Thimann dan Skoog menunjukkan bahwa dominanis apikal disebabkan oleh auksin yang didifusikan tunas pucuk ke bawah (polar) dan ditimbun pada tunas lateral, hal ini akna menghambat pertumbuhan tunas lateral karena konsentrasinya masih terlalu

tinggi. Konsentrasi auksin yang tinggi ini akan menghambat pertumbuhan tunas lateral yang dekat dengan pucuk (Dahlia, 2001). Auksin diproduksi secara endogen pada bagian pucuk tanmana yang akna didistribusikan secara polar yag mampu menghambat pertumbuhan tunas lateral. Auksin adalah zat yang ditemukan pada ujung kara, batang, pembentukan bunga yang berfungsi untuk pengatur pembesaran sel di daerah belakang meristem ujung.

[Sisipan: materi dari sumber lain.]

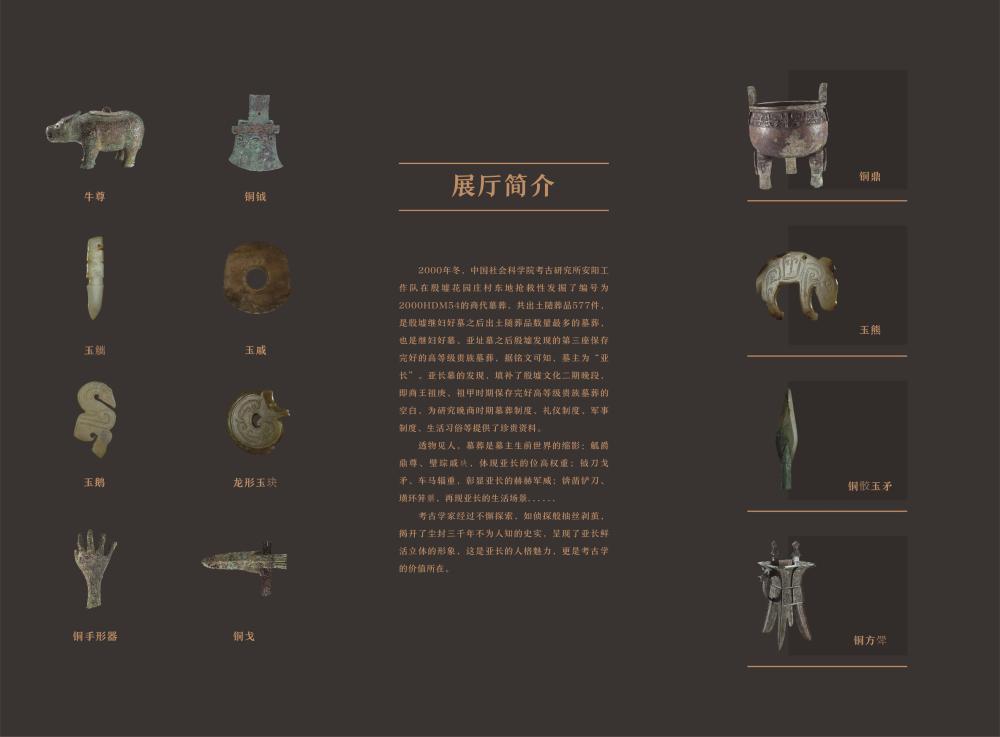 “長(zhǎng)從何來(lái)-殷墟花園莊東地亞長(zhǎng)墓專題展廳”以“亞長(zhǎng)”這位殷商時(shí)期的大將軍為主人公,通過(guò)亞長(zhǎng)墓出土的577件文物,生動(dòng)展現(xiàn)了他的赫赫戰(zhàn)功、排兵布陣、生活起居等場(chǎng)景。亞長(zhǎng)墓是殷墟繼婦好墓之后出土隨葬品數(shù)量最多的墓葬。據(jù)銘文可知,墓主為“亞長(zhǎng)”。透物見人,墓葬是墓主生前世界的縮影:觚爵鼎尊、璧琮戚玦,體現(xiàn)亞長(zhǎng)的位高權(quán)重;鉞刀戈矛、車馬輜重,彰顯亞長(zhǎng)的赫赫軍威;錛鑿鏟刀、璜環(huán)笄觿,再現(xiàn)亞長(zhǎng)的生活場(chǎng)景。考古學(xué)家經(jīng)過(guò)不懈探索,如偵探般抽絲剝繭,揭開了塵封三千年不為人知的史實(shí),呈現(xiàn)了亞長(zhǎng)鮮活立體的形象,這是亞長(zhǎng)的人格魅力,更是考古學(xué)的價(jià)值所在。

Hormon auksin adalah hormon pertumbuhan pada semua jenis tanaman nama lain dari hormon ini adalah IAA atau Asam Indol Asetat. Hormon auksin ini terletak pada ujung batang dan ujung akar, fungsi dari hormon auksin ini adalah membantu dalam proses mempercepat pertumbuhan baik pertumbuhan akar maupun pertumbuhan batang, mempercepat pematangan buah, mengurangi jumlah biji dalam buah. Beberapa fungsi auksin lainnya (Anonim, 2008)
Vernalisasi adalah peningkatan perkecambahan atau pembungaan oleh suhu rendah.

Transpor auksin merupakan transpor polar yang berarti transport tersebut tidak dapat bergerak dengan arah sebaliknya dan membutuhkan energi. Mekanisme dari transport auksin melibatkan pompa-pompa proton yang akan menimbulkan perbedaan keseimbangan H+ antara bagian luar dan dalam sel. Dengan adanya perbedaan keseimbangan H+ maka suasana dinding sel menjadi asam, hal ini akan memutus ikatan hydrogen antara mikrofibril-mikrofibril selulosa, sehingga seratserat dinding sel menjadi longgar. Dampakya sel akan menyerap air lebih banyak dan bertamah panjang.

Pada mekanisme pembelahan sel, kinerja sitokinin sangat dipengaruhi oleh konsentrasi auksin. Berdasarkan eksperimen terhadap jaringan parenkim yang dikulturkan. Apabila pada jaringan hanya terdapat auksin maka jaringan tersebut hanya mengalami pertambahan massa namun tidak dengan jumlah sel. Apabila pada jaringan hanya terdapat sitokinin maka tidak membawa pengaruh apa pun. Apabila konsentrasi auksin > konsentrasi sitokinin maka akan terbentuk akar. Apabila konsentrasi auksin < konsentrasi sitokinin maka akan terbentuk tunas. Sitokinin juga berfungsi sebagai anti penuaan karena senyawa ini menghambat perombakan protein dan merangsang pembentukan protein dan RNA.